Because if you think about your history, if you’ve had an antibiotic, it is like a
shotgun going off in your gut. Not only is it killing the bad bacteria, but it’s killing
the good bacteria. If you don’t repopulate your gut, you’re going to get out of
whack. Gut health is essential for your child’s health.
You’ve told me about the movie Microbirth. I found that amazing. It was so simple
as to why we’re having issues with our babies these days. It is through the
natural birthing process, the vaginal birth, that the baby starts to populate his gut
with good bacteria. That’s the first step. The second step is skin to skin. We’re all
clothed in gowns and don’t want the baby to touch anybody, but we need skin to
skin contact with that baby, because you’re transferring good bacteria to that
baby’s gut. Then breastfeeding, essential for your child’s gut health. So just that
birthing process alone is going to help populate your child’s gut with good
bacteria, so he won’t have these issues of asthma and skin issues and eczema
and behavioral and gut issues.
Managing your stress, another way to prepare the womb. We have got to calm
down. We cannot get so worked up and stay on all the time. It goes back to being
still, sitting quietly, gathering yourself. I read this somewhere, and I say this every
day to myself and to my consultations. Stillness is the language that God speaks,
so you have to be still.
Watch your thyroid. Make sure your thyroid’s optimal before you work on
conceiving. Avoid antibiotics. Avoid the birth control pill. Avoid pain medicines
such as the opioid-based prescriptions. Lots of things that we can do to prepare
the womb. None of that was really hard. Our ancestors did it, no problem.

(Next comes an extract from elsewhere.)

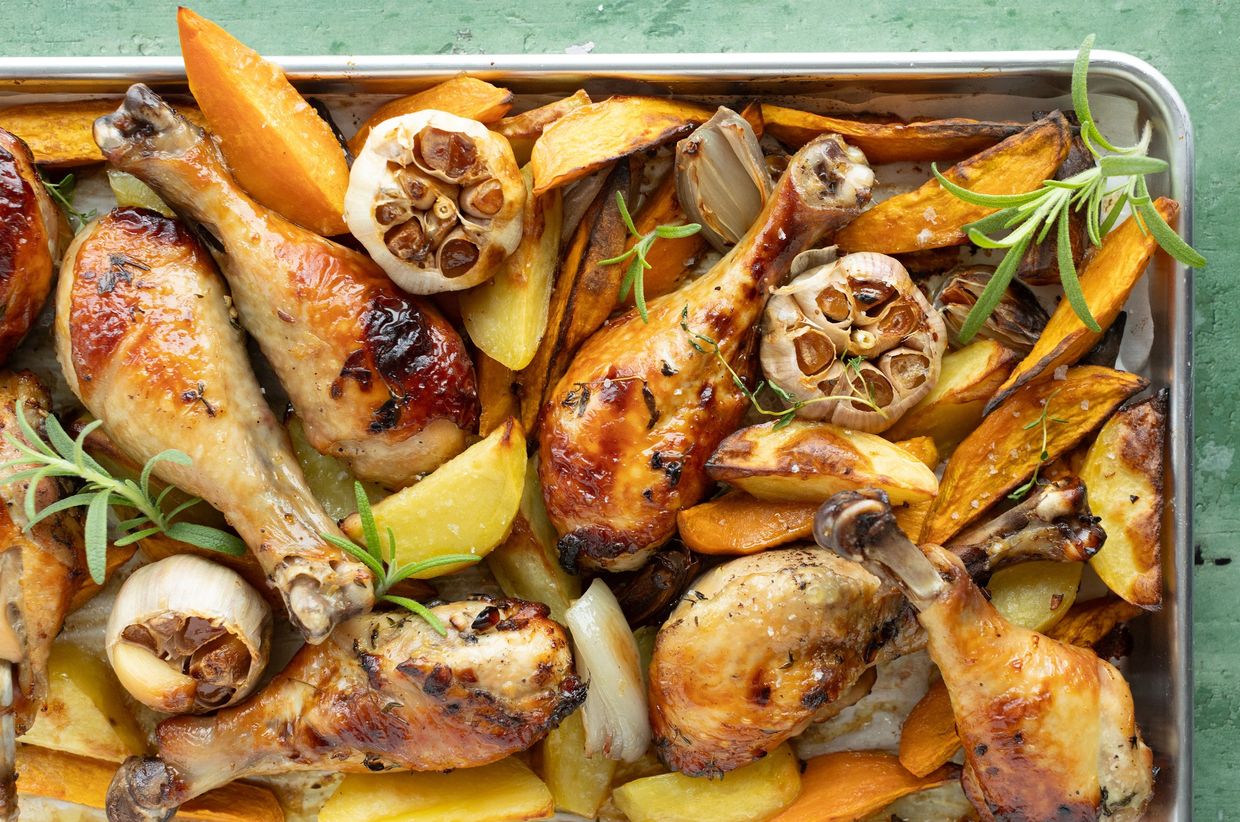 Homey and satisfying, whole roast chicken loaded with root vegetables.

Katie: Exactly. I think that that alone makes such a drastic difference, because it makes
sense, even going back to what you said before. We can’t give what we don’t
have. If we don’t nourish our own bodies, we can’t give that to our babies. That
process can take a little bit longer than just the 1 month it takes to get pregnant. I
think that’s such an important reminder to so many of us to nourish our bodies
before, during, and after pregnancy especially.

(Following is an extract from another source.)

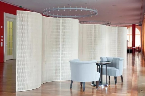 這種柔韌的杜克塔板材能夠設(shè)計(jì)出獨(dú)特的具有流線型的木制家具和燈具,穿孔的木質(zhì)杜克塔材料能夠輕松地建構(gòu)出圓形木質(zhì)家具、伸縮木門和百葉窗,與此同時(shí)杜克塔切割面板還可以用作擱板和掛鉤的懸掛網(wǎng)格。

Is there anything else related to hormone health that you want to make sure that
women understand or know? Or do you feel like that those are going to be the
big things, like the lifestyle factors that we just talked about, and diet, and sleep,
and stress being the big ones.
Mary Lee: Yes, I do. I don’t want people to think you just slap on hormones to get healthy.
You need to be healthy first, and then if you have an imbalance, or deficient in 1
or more hormones, then you can use a bioidentical hormone therapy. But your
whole answer is your lifestyle. You’ve got to start addressing that. That’s how you
take back control of your health, is by addressing your lifestyle, and your food,
and your stress, and your sleep, and you should be a healthy female moving into
Katie: Perfect. Again, that’s what I love about your approach. You’re not saying there’s
never a time and a place for medicine. But you’re saying it needs to go hand in
hand with lifestyle, and that it shouldn’t be a long-term solution, but one just to
help the body get back to homeostasis, which I love. I appreciate your time,
again, in being here. I can’t wait till our next episode, when we’re going to tackle
another kind of triangle, of the heart health, blood pressure, cholesterol, all that,
and how that’s all intertwined, because I know that’s also a big topic for that. So
look for that in the next episode. Thanks, Mary Lee, for being here.